• _WHAT YOU NEED TO DO_
Below are entries. Pull out all lines containing "fabric".

Items from a data source

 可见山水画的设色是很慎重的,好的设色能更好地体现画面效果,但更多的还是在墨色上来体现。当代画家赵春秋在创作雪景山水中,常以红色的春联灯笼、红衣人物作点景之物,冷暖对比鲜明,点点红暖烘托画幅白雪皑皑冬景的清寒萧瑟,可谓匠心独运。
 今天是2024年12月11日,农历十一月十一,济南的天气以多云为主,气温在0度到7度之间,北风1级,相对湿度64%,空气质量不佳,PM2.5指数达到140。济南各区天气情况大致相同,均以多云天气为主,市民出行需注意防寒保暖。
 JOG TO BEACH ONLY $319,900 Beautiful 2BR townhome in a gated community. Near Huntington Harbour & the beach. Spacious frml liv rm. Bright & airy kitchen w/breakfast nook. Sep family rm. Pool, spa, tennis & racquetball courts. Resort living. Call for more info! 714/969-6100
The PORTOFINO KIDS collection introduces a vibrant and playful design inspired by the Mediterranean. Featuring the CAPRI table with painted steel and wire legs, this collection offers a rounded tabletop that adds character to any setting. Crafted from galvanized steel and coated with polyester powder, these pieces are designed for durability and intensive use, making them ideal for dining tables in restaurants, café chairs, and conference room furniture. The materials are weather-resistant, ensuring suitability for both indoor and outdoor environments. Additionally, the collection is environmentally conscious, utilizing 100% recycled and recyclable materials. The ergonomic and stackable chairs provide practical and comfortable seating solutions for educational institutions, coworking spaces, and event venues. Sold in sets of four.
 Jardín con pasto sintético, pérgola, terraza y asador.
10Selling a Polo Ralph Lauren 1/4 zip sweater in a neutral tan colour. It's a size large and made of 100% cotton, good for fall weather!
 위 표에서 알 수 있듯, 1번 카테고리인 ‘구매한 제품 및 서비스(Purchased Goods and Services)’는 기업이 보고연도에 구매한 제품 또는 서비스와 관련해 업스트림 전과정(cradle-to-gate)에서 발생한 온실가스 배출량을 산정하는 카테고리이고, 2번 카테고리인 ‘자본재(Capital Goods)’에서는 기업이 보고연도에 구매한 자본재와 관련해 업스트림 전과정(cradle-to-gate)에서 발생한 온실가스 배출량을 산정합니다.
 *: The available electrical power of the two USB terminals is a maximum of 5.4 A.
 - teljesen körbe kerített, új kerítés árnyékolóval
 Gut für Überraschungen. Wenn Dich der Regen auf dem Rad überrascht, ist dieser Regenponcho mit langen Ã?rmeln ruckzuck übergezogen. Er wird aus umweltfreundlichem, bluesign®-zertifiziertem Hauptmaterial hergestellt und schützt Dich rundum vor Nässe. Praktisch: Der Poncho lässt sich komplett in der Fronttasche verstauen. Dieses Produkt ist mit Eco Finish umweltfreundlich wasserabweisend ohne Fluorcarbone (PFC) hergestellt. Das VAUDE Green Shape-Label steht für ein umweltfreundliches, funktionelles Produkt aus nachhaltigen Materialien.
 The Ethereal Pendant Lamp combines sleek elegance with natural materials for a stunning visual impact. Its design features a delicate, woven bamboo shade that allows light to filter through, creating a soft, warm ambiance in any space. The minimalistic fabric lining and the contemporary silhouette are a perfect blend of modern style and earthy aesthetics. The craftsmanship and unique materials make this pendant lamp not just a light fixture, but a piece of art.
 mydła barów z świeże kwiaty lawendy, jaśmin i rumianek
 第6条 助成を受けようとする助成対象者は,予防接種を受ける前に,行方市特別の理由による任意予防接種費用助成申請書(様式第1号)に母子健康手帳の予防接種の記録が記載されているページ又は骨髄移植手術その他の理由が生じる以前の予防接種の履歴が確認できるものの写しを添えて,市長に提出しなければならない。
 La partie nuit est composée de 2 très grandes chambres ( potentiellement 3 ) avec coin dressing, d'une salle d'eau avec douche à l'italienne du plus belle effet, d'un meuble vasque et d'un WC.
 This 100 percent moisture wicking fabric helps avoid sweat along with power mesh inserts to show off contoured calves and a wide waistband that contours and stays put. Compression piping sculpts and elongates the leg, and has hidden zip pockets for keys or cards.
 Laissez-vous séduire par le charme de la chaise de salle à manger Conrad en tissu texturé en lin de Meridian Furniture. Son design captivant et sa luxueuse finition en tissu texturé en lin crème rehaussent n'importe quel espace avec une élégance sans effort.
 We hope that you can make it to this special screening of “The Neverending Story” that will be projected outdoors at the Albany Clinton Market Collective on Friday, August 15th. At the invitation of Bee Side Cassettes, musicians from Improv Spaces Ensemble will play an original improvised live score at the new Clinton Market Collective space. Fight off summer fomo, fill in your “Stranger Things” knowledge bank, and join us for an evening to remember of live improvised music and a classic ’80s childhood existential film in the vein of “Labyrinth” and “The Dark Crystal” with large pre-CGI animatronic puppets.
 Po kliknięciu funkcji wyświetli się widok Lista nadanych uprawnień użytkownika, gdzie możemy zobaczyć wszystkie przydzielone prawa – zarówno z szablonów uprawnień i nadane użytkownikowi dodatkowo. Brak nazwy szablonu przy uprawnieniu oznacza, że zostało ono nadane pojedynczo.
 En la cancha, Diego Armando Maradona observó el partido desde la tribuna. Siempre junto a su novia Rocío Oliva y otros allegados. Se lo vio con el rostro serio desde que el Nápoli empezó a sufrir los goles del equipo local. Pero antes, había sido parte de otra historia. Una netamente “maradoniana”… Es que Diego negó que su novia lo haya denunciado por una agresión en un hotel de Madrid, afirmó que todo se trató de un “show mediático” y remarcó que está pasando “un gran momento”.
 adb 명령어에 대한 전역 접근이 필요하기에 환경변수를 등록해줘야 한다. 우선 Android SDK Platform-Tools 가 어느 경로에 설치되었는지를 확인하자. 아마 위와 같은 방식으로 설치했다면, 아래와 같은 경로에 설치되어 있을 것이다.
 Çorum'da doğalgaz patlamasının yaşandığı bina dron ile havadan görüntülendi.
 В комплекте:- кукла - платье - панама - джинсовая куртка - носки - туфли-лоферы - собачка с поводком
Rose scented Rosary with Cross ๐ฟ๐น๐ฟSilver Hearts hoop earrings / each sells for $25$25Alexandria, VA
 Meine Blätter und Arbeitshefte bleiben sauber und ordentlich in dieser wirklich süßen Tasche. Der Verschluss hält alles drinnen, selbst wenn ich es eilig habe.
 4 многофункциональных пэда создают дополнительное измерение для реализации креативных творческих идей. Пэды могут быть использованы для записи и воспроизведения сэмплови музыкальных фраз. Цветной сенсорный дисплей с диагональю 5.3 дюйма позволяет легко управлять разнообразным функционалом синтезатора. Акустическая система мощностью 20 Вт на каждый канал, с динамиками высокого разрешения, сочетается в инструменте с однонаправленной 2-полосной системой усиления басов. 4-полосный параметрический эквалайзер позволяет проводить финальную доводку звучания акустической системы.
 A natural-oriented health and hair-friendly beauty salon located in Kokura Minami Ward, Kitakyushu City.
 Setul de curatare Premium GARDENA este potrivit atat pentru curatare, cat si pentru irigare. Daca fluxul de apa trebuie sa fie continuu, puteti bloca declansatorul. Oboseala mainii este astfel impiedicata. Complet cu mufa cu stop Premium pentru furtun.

• _TASK RESPONSE_
 The Ethereal Pendant Lamp combines sleek elegance with natural materials for a stunning visual impact. Its design features a delicate, woven bamboo shade that allows light to filter through, creating a soft, warm ambiance in any space. The minimalistic fabric lining and the contemporary silhouette are a perfect blend of modern style and earthy aesthetics. The craftsmanship and unique materials make this pendant lamp not just a light fixture, but a piece of art.
 This 100 percent moisture wicking fabric helps avoid sweat along with power mesh inserts to show off contoured calves and a wide waistband that contours and stays put. Compression piping sculpts and elongates the leg, and has hidden zip pockets for keys or cards.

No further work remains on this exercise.